*** Block opens ***

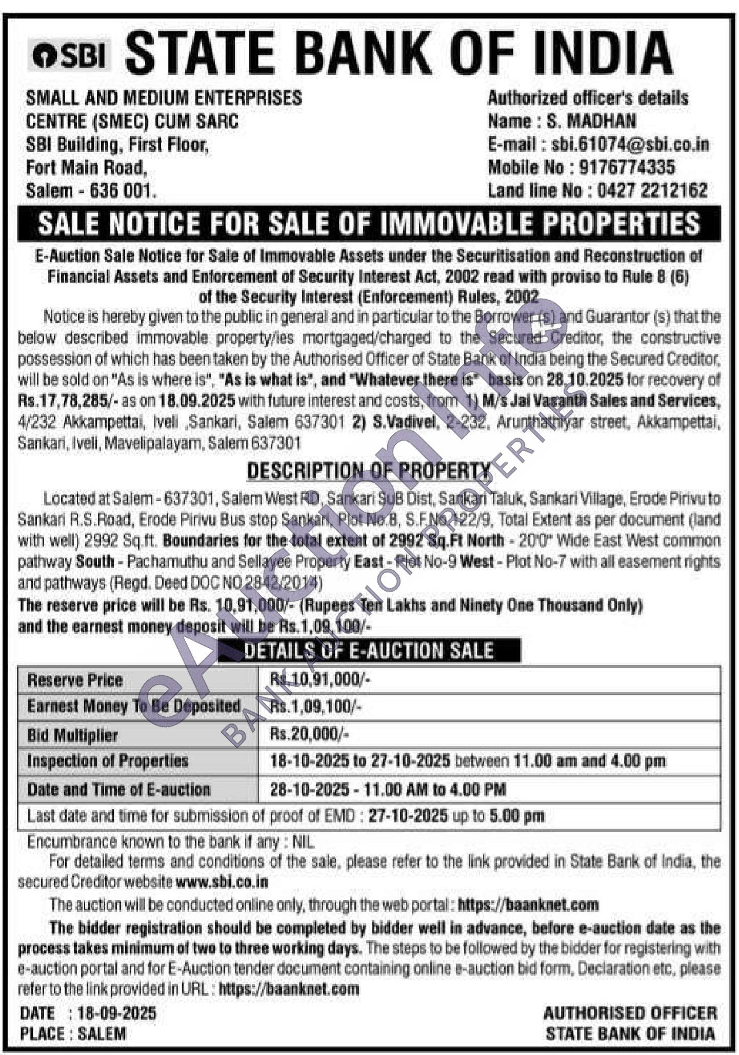 DESCRIPTION OF PROPERTY : Located at Salem-637301, Salem West RD, Sankari SuB Dist, Sankari Taluk, Sankari Village, Erode Pirivu to Sankari R.S.Road, Erode Pirivu Bus stop Sankari, Plot No.8, S.F.No. 122/9, Total Extent as per document (land with well) 2992 Sq.ft. Boundaries for the total extent of 2992 Sq.Ft North-20'0" Wide East West common pathway South-Pachamuthu and Sellayee Property East-Plot No-9 West-Plot No-7 with all easement rights and pathways (Regd. Deed DOC NO 2842/2014)
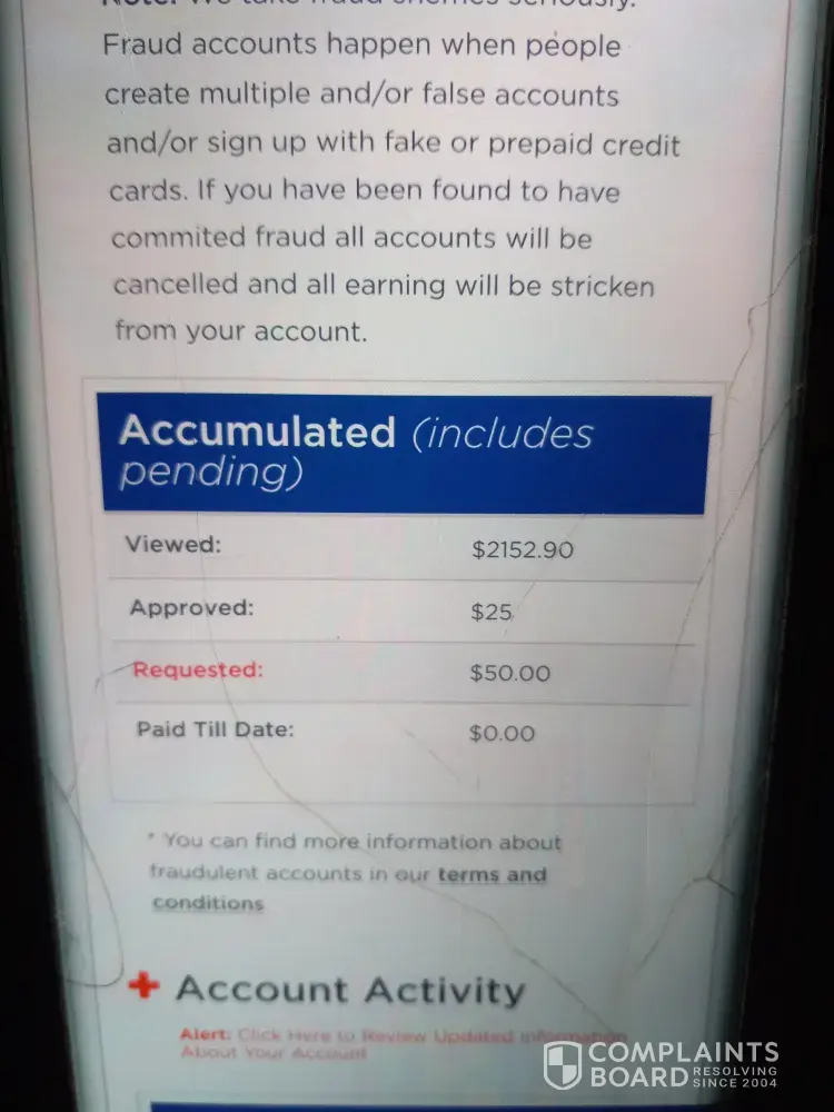 Well it's not allowing me to even open a ticket on there website to [censored] at them about not getting paid.. the website deducted the money from my account and shows it as a request amount by it I can't get any further not can u find anyone to talk to about it. I requested payment two wks ago only to see it's not even looking as if I'm got a pay date.it just says N/A. Wtf does that mean I'm m ni to eligibil for payment. It only took a few years to get to the 50 cash out due to money being subtracted from my account and never being able to contact customer support ever with this company...I feel a lawsuit should be brought against these scammers
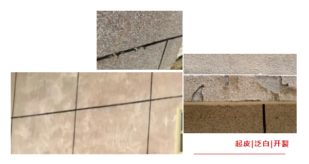 仿石漆外墻通常會出現(xiàn)的問題:

*** Block closes ***

-- WHAT NEEDS TO BE DONE --
Start to finish, write out the data above exactly, omitting all pictures.

-- ANSWER SPACE --
 DESCRIPTION OF PROPERTY : Located at Salem-637301, Salem West RD, Sankari SuB Dist, Sankari Taluk, Sankari Village, Erode Pirivu to Sankari R.S.Road, Erode Pirivu Bus stop Sankari, Plot No.8, S.F.No. 122/9, Total Extent as per document (land with well) 2992 Sq.ft. Boundaries for the total extent of 2992 Sq.Ft North-20'0" Wide East West common pathway South-Pachamuthu and Sellayee Property East-Plot No-9 West-Plot No-7 with all easement rights and pathways (Regd. Deed DOC NO 2842/2014)
 Well it's not allowing me to even open a ticket on there website to [censored] at them about not getting paid.. the website deducted the money from my account and shows it as a request amount by it I can't get any further not can u find anyone to talk to about it. I requested payment two wks ago only to see it's not even looking as if I'm got a pay date.it just says N/A. Wtf does that mean I'm m ni to eligibil for payment. It only took a few years to get to the 50 cash out due to money being subtracted from my account and never being able to contact customer support ever with this company...I feel a lawsuit should be brought against these scammers
 仿石漆外墻通常會出現(xiàn)的問題:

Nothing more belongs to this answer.